The “summed” operation in the synapses will add up all the voltages and divide them by the number of neurons. The loss variable then stores the absolute difference of the mean from the target value.

Now, the more difficult part is that your model would like to change the delays. Unfortunately, changing delays during a simulation is not allowed at the moment. Some papers that model “delay learning” have used a trick that might be a possible alternative, though: each synapse is represented by several synapses with different delays. Instead of changing delays, you select a delay by setting the weights of all synapses with incorrect delays to zero. Could something like this work for you?

The suggested option with the “several synapses with different delays” is unfortunately not an option for me. Because with this I can only simulate delays on a discrete scale. However, for my STDP learning I need a continuous scale.
It turned out that the iterative run(10*ms) workaround works, but so slowly that my planned hyperparameter tuning takes way too much computation time. It looks like I have to do without the tuning.

Well, technically speaking Brian only supports discrete delays, since everything is bound to the grid of the simulation time step. It rather depends on what range of delays you need. E.g., if you want all delays in a range between 0 and 5 ms with the default simulation time step of 0.1ms, you’d need 50 separate synapses to cover all the possible delays.

Could you maybe share some code how you are doing the iteration? There might be ways to make this run faster.

This is the iterative run(x*ms) part:

taupre = 20 * ms
taupost = taupre

all_losses = []
sub_duration = 10  # in ms
steps = int(duration / sub_duration)
electrodes = 16
for run_step in range(steps):
    current_time = (run_step + 1) * sub_duration
    run(sub_duration * ms, report='text')
    generator_indices = []
    generator_spike_times = []
    for idx in range(electrodes):
        mu_ref = referenced_voltage(G, idx)  # mean electrode voltage referenced to mean voltage of all electrodes
        data = orig_data[current_time, idx]
        loss = mu_ref - data
        abs_loss = abs(loss)
        all_losses.append(abs_loss)
        delay = (taupre + taupost) * (abs_loss / np.amax(all_losses))
        delayed_spike_time = current_time + (delay / ms)  # remove unit
        generator_indices.append(idx)
        generator_spike_times.append(delayed_spike_time)

    supervised_gen.set_spikes(indices=array(generator_indices), times=array(generator_spike_times) * ms)

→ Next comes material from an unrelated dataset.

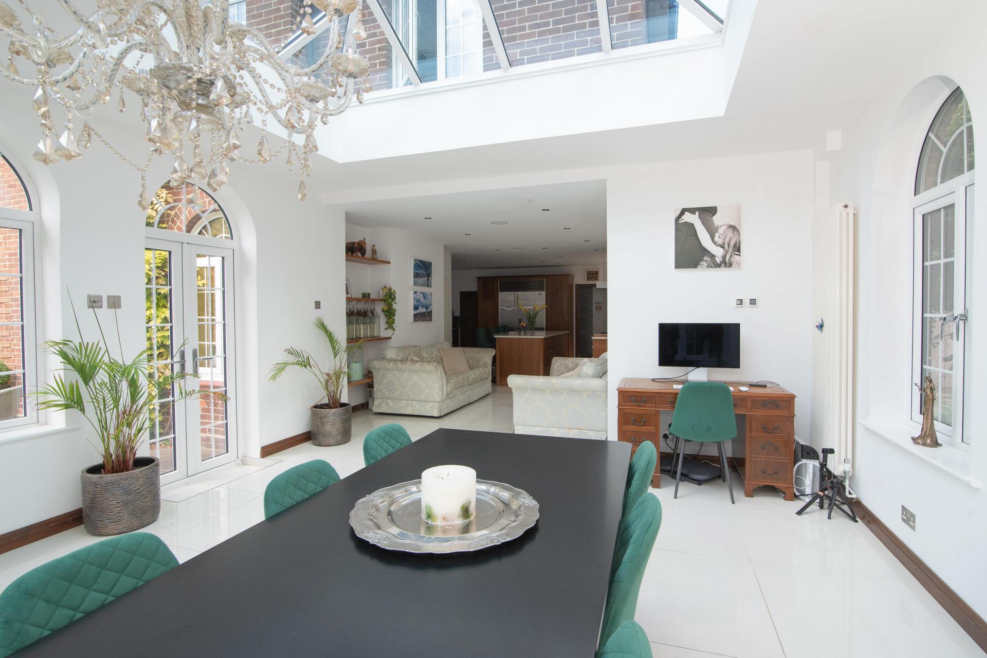 Designed with both family living and entertaining in mind, the property provides an abundance of elegant indoor and outdoor spaces. Upon entry, you are greeted by three impressive and light-filled reception rooms, each opening directly onto the garden, creating a seamless connection between inside and out.

… with G as my NeuronGroup and supervised_gen as my SpikeGeneratorGroup. Roughly speaking, it is a loss evaluation translated into a time delay for the spike.

Yes, I increasing the value in sub_duration would lower the computation time, but this would also result in less “spike delay” evaluations (which is not wanted).

Again, thanks for your help!

Ok, this looks all reasonable in general, I don’t see how to achieve a major speed-up, I’m afraid. Each of the run adds a fixed overhead (in my test something on the order of 50ms), despite all the caching etc. that we are doing. I guess in your case you need thousands of iterations? In the long term, we plan to reorganize things in a way that would make use cases like this faster, but these are really long term plans.
There’s a small optimization you can do, but it won’t change anything fundamentally: instead of using run, construct a Network object before the loop with net = Network(collect()), and then use net.run(...) in the loop.